## [Dataset extract]
※

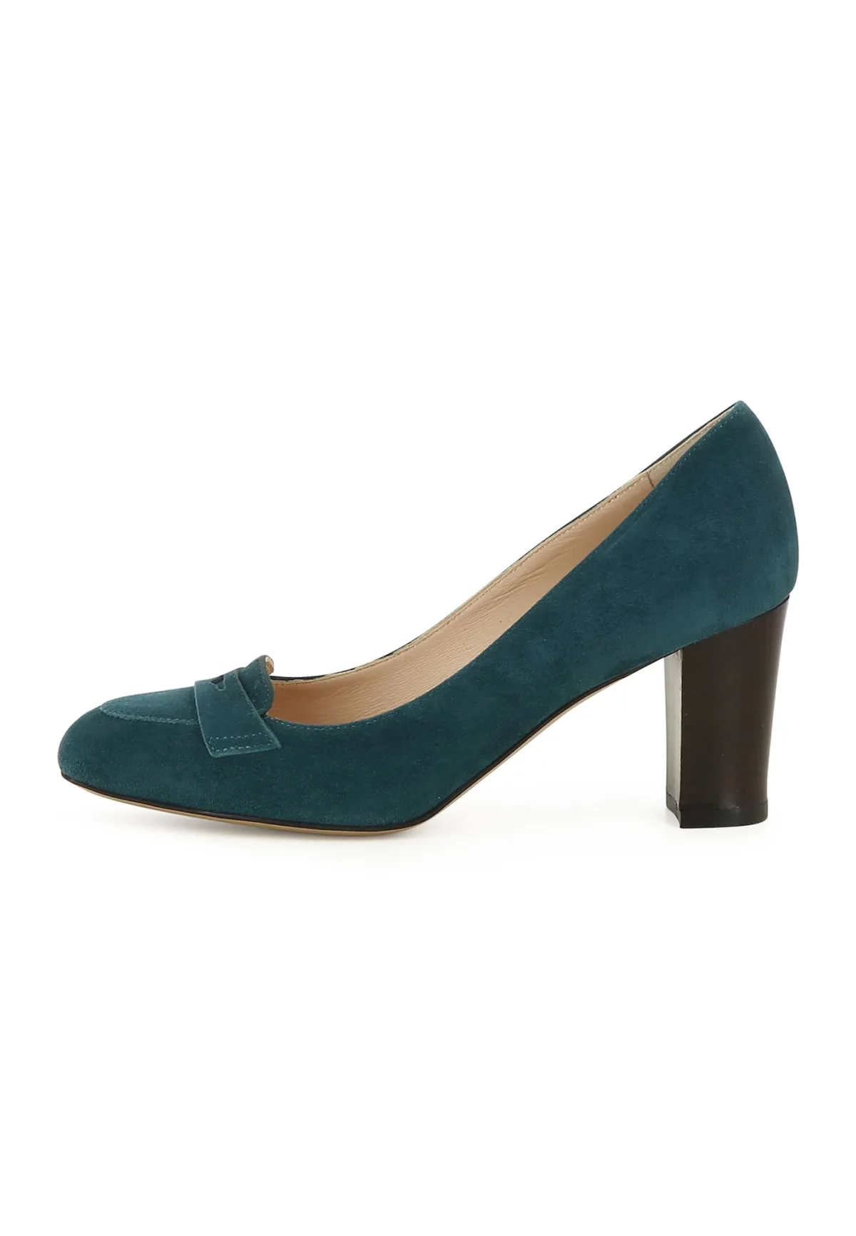 Type sluiting: Slip; Type hak: Blokhak; Materiaal: Leer; Motief: Effen; Materiaal: Suède; Schoenneus: Ronde neus; Hakhoogte: Hoge hak (7-10 cm)
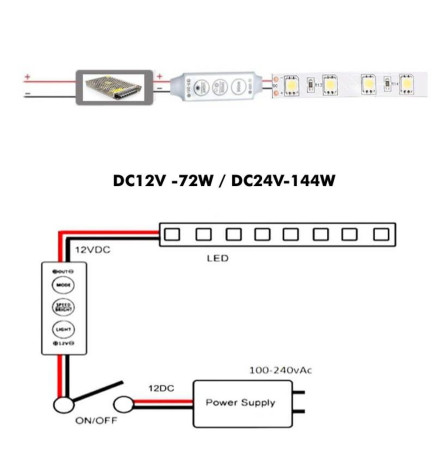Furthermore, its installation is quick and simple. Just connect your monochromatic LED strip to the controller and ensure it is properly powered by a 12V or 24V DC power supply. Once connected, you'll be ready to bring your ideas to life and dazzle everyone with your creativity.
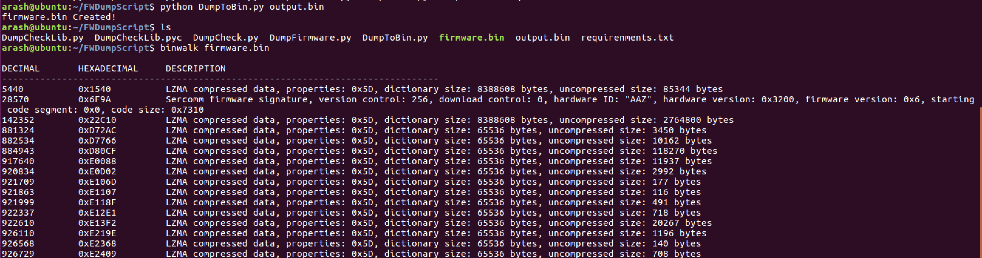 After about 2 hours the script completes and provides an output.bin file with all the bytes as plaintext. Using my DumpToBin.py script we can convert the text file to a valid firmware bin.

※

## [Problem description]
Would you retype all the lines shown above, exactly as written and without any picture?

## [Response area]
 Type sluiting: Slip; Type hak: Blokhak; Materiaal: Leer; Motief: Effen; Materiaal: Suède; Schoenneus: Ronde neus; Hakhoogte: Hoge hak (7-10 cm)
Furthermore, its installation is quick and simple. Just connect your monochromatic LED strip to the controller and ensure it is properly powered by a 12V or 24V DC power supply. Once connected, you'll be ready to bring your ideas to life and dazzle everyone with your creativity.
 After about 2 hours the script completes and provides an output.bin file with all the bytes as plaintext. Using my DumpToBin.py script we can convert the text file to a valid firmware bin.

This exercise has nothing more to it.